**ACTIVITY:**
All that should come back is the lines of the data below from the one containing "Vendo tavolino contenitore" to the one containing "Adoptez l'esthétique avec", inclusive, exactly as they stand.

**SOURCE DATA:**

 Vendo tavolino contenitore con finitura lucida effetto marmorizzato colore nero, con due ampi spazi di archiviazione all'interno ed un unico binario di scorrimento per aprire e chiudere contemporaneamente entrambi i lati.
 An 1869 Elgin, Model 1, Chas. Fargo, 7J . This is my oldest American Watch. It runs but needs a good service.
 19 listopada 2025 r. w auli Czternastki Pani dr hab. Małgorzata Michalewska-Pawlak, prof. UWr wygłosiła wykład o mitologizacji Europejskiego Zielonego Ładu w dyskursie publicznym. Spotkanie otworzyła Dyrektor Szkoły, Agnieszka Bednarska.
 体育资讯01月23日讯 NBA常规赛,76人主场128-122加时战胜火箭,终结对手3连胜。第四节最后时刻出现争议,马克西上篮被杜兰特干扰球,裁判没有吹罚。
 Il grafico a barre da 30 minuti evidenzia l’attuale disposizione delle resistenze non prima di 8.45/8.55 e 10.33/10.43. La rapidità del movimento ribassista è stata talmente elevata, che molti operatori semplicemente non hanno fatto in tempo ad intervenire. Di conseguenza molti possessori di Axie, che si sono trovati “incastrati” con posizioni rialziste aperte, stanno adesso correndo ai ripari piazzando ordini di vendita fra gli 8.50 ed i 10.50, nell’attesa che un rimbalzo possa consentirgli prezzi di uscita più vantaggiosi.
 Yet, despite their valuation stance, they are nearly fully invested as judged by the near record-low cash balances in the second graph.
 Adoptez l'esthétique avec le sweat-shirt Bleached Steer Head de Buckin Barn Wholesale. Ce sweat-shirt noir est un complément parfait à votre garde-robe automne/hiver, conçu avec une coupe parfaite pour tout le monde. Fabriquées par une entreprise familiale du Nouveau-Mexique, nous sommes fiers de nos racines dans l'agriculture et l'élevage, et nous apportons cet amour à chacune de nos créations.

==

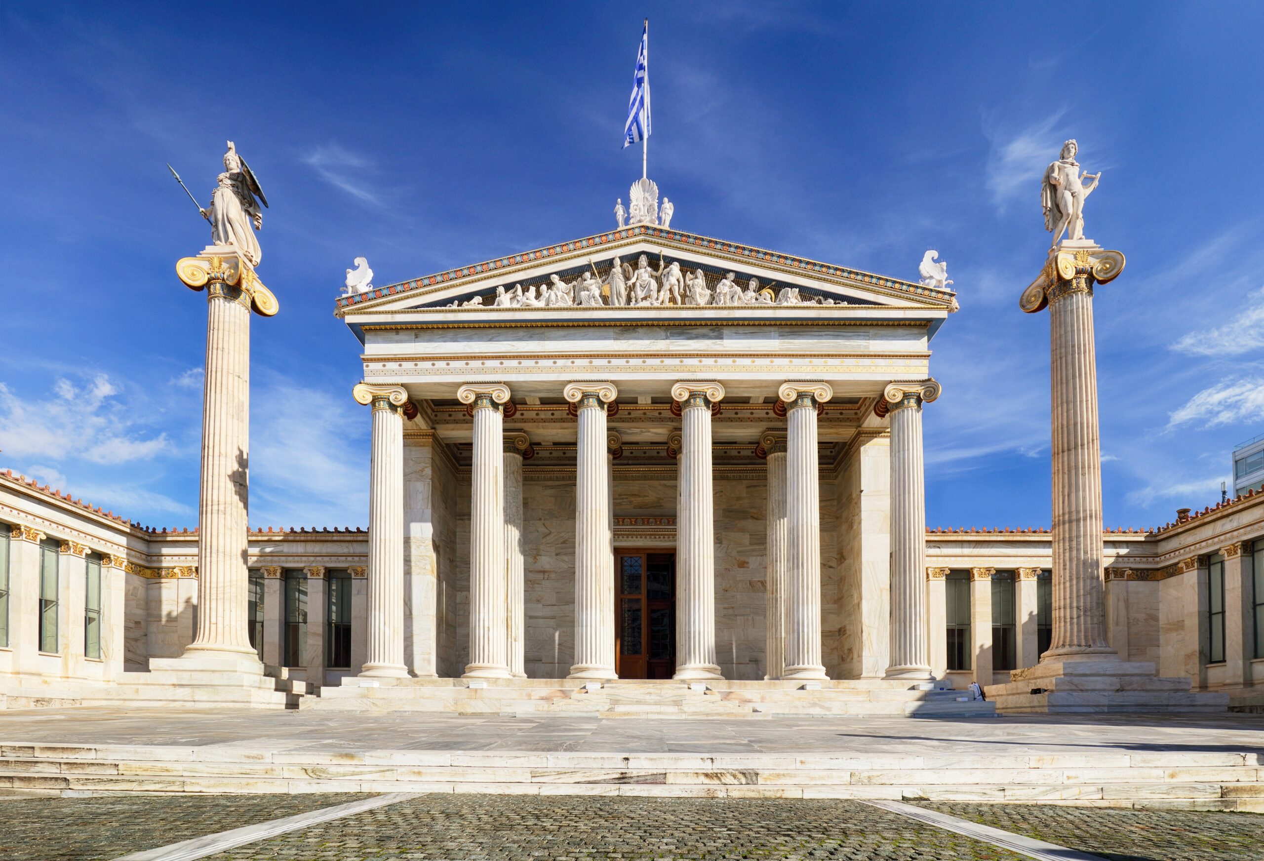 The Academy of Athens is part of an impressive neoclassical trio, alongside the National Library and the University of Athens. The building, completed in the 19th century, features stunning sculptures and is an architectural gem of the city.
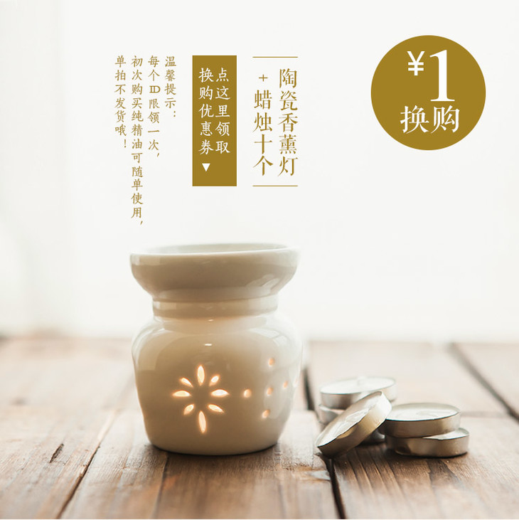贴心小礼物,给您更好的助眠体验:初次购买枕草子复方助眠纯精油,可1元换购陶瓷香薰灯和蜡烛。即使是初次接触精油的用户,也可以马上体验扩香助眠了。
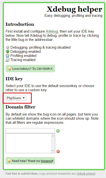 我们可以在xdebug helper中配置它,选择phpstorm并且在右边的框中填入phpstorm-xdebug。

**FINISHED TASK:**
 Vendo tavolino contenitore con finitura lucida effetto marmorizzato colore nero, con due ampi spazi di archiviazione all'interno ed un unico binario di scorrimento per aprire e chiudere contemporaneamente entrambi i lati.
 An 1869 Elgin, Model 1, Chas. Fargo, 7J . This is my oldest American Watch. It runs but needs a good service.
 19 listopada 2025 r. w auli Czternastki Pani dr hab. Małgorzata Michalewska-Pawlak, prof. UWr wygłosiła wykład o mitologizacji Europejskiego Zielonego Ładu w dyskursie publicznym. Spotkanie otworzyła Dyrektor Szkoły, Agnieszka Bednarska.
 体育资讯01月23日讯 NBA常规赛,76人主场128-122加时战胜火箭,终结对手3连胜。第四节最后时刻出现争议,马克西上篮被杜兰特干扰球,裁判没有吹罚。
 Il grafico a barre da 30 minuti evidenzia l’attuale disposizione delle resistenze non prima di 8.45/8.55 e 10.33/10.43. La rapidità del movimento ribassista è stata talmente elevata, che molti operatori semplicemente non hanno fatto in tempo ad intervenire. Di conseguenza molti possessori di Axie, che si sono trovati “incastrati” con posizioni rialziste aperte, stanno adesso correndo ai ripari piazzando ordini di vendita fra gli 8.50 ed i 10.50, nell’attesa che un rimbalzo possa consentirgli prezzi di uscita più vantaggiosi.
 Yet, despite their valuation stance, they are nearly fully invested as judged by the near record-low cash balances in the second graph.
 Adoptez l'esthétique avec le sweat-shirt Bleached Steer Head de Buckin Barn Wholesale. Ce sweat-shirt noir est un complément parfait à votre garde-robe automne/hiver, conçu avec une coupe parfaite pour tout le monde. Fabriquées par une entreprise familiale du Nouveau-Mexique, nous sommes fiers de nos racines dans l'agriculture et l'élevage, et nous apportons cet amour à chacune de nos créations.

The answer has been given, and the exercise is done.